Over the past few years, I’ve been complemented by some people in regards to “how far I’ve come” in a short time. I’ve written about how I was never able to talk about feelings before, and I’ve come out of my shell a lot there. While other people are confused by my ability to discuss feelings, since I was never able to before. The quote I’m leaving you with sums up that area very well, and may even be part of my mantra for 2014
“Times change, and so must I… We all change. When you think about it, we’re all different people, all through our lives. And that’s okay, that’s good. You gotta keep moving, so long as you remember all the people that you used to be.” – The Doctor
congrats on becoming debt free. and congrats on running a 5k. congrats on losing weight AND getting in better shape.
and you are definitely not alone. and reading this i was reminded that i’m not alone either even though sometimes i am incredibly fucking lonely.
i still find it hard to reach out to people. it’s like… i don’t feel important enough? i don’t know…

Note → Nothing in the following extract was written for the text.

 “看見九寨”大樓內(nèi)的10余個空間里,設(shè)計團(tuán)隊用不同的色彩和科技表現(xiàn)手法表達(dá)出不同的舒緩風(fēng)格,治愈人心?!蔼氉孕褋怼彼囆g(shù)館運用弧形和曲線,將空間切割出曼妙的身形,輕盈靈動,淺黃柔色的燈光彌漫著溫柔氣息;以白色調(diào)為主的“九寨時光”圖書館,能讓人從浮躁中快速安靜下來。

2012 was the worst year of my life. i can easily say i was better off at the end of 2013, but that isn’t saying a lot. yay, i don’t hate myself anymore! it’s progress but i still feel so behind. or at least feel like i only undid some damage rather than actually growing, if that makes sense.
there’s still a huge gap between where i would like to be and where i am now.

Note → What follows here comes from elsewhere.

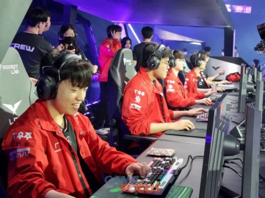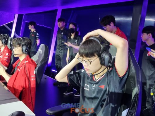 T1 선수들이 KT 롤스터와의 '로드 투 MSI' 4라운드 경기를 앞두고 장비 체크를 진행하고 있다. 한편 14일 진행되는 로드 투 MSI 4라운드 승리 팀은 15일 한화생명e스포츠와 MSI 2시드 자리를 두고 경쟁할 예정이다. <<저작권자 ⓒ 게임포커스, 무단전재 및 재배포 금지>

i’m still trying to shake all the expectations i set up for myself in my early twenties. there’s this whole thing i had in my head about what was “supposed” to happen. and none of it happened.
i spent almost all of my 20s worrying about what someone else wanted and neglected myself.
i need to spend my 30s thinking about what I want. me. megan. what i REALLY want. not what i think is societally appropriate. not what i see my friends doing. just me.
i thought i had learned that – i’m important! and i thought i knew how to ask for what i want. but the end of 2013 i realized i was falling back on old habits. i was again trying to structure my life such that it was convenient and acceptable for someone else.
2014 started with physical pain. and when i finally decided to ask for what i wanted, i didn’t get what i was asking for. so came the emotional pain from investing in something that wasn’t paying me back.
hopefully i’ve gotten that out my system now.
i’m looking at where I want to live.
and considering if I want to go back to school.
and thinking about what I want to spend my time outside work doing.
and i’m just trying to take better care of myself in general. it’s important, but it’s the first thing that goes when i get depressed. then not taking care of myself makes me feel crappy about myself, etc.
it would be nice if i found someone to truly share my life with, who would share his life with me, but i can’t rely on that. that has to be after i take care of myself. and that will be hard for me. but i’m going to do it… i hope.
PS – i like that Doctor quote.
sometimes i want to wish away some (all?) of the pain, but i know that everything i have gone through, for better or worse, is what makes me ME. and i wouldn’t change a thing because if i did i would be someone else. i never want to be anyone other than myself. so i keep all my old selves in mind, even if i don’t care for them very much. without all that past, what is there?